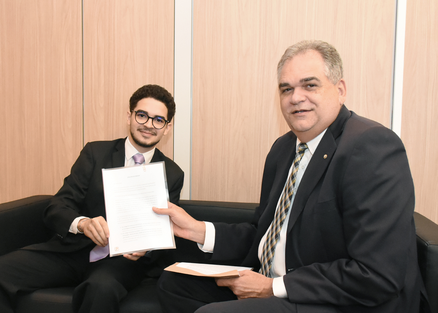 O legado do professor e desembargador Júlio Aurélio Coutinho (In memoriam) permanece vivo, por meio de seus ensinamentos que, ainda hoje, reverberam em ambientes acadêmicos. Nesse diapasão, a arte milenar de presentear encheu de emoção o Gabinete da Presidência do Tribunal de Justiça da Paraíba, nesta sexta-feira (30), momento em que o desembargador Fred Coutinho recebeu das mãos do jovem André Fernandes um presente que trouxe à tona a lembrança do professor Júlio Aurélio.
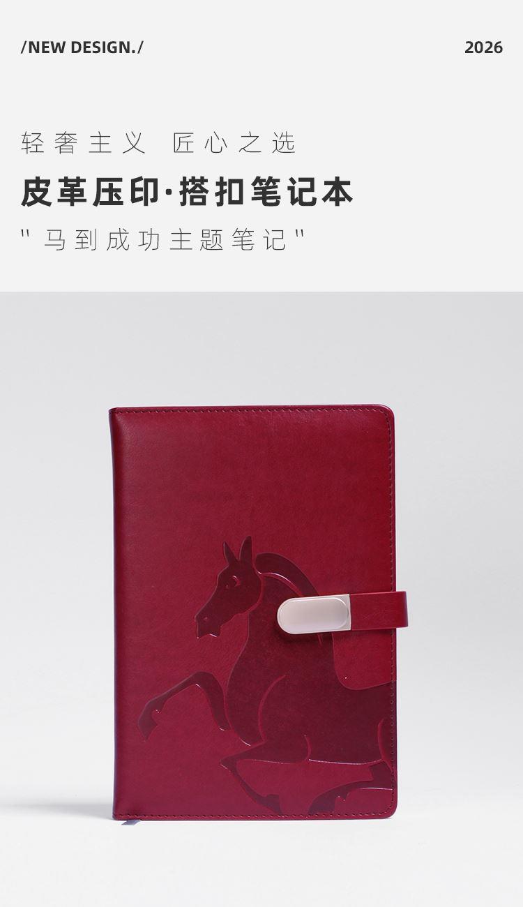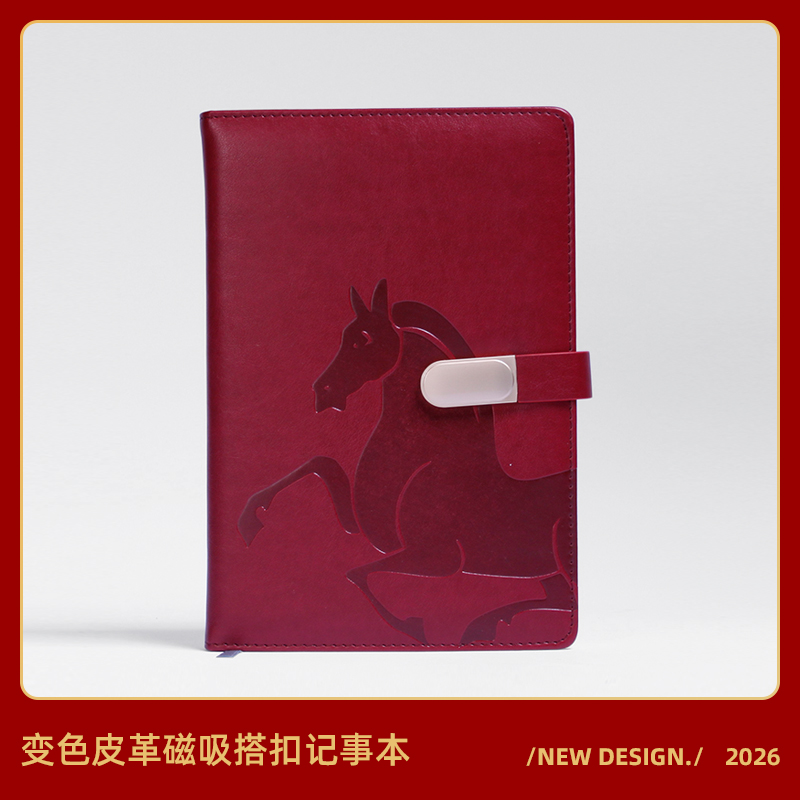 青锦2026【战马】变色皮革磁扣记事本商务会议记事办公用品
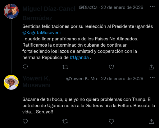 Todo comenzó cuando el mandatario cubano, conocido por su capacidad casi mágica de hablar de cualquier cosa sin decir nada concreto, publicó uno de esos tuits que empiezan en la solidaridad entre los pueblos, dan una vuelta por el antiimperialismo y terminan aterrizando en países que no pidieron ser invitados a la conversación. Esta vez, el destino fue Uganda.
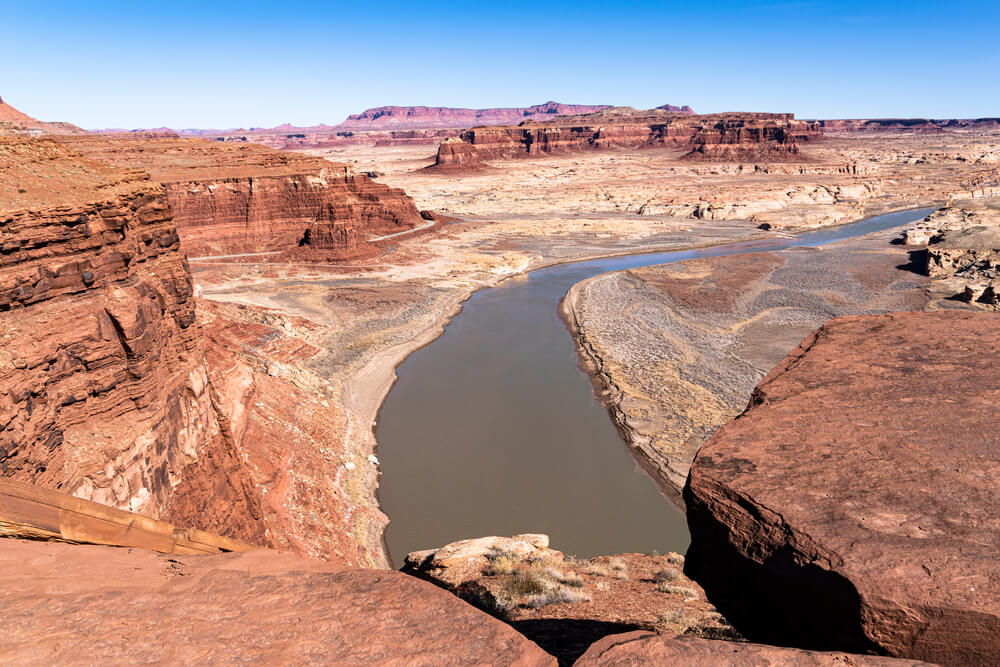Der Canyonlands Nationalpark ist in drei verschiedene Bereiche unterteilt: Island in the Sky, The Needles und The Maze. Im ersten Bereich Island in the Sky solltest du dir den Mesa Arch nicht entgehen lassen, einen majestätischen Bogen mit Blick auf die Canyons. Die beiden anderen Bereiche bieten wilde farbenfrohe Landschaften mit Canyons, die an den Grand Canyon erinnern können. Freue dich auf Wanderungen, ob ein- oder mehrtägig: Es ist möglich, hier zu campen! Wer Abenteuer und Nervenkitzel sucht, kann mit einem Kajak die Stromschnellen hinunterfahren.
□ □ □ □ □ □ □
EXERCISE: Skip the pictures. Write out exactly the lines from the one with "Todo comenzó cuando" through the last line of the listing, both ends included, and nothing more.

THE COMPLETED TASK:
 Todo comenzó cuando el mandatario cubano, conocido por su capacidad casi mágica de hablar de cualquier cosa sin decir nada concreto, publicó uno de esos tuits que empiezan en la solidaridad entre los pueblos, dan una vuelta por el antiimperialismo y terminan aterrizando en países que no pidieron ser invitados a la conversación. Esta vez, el destino fue Uganda.
Der Canyonlands Nationalpark ist in drei verschiedene Bereiche unterteilt: Island in the Sky, The Needles und The Maze. Im ersten Bereich Island in the Sky solltest du dir den Mesa Arch nicht entgehen lassen, einen majestätischen Bogen mit Blick auf die Canyons. Die beiden anderen Bereiche bieten wilde farbenfrohe Landschaften mit Canyons, die an den Grand Canyon erinnern können. Freue dich auf Wanderungen, ob ein- oder mehrtägig: Es ist möglich, hier zu campen! Wer Abenteuer und Nervenkitzel sucht, kann mit einem Kajak die Stromschnellen hinunterfahren.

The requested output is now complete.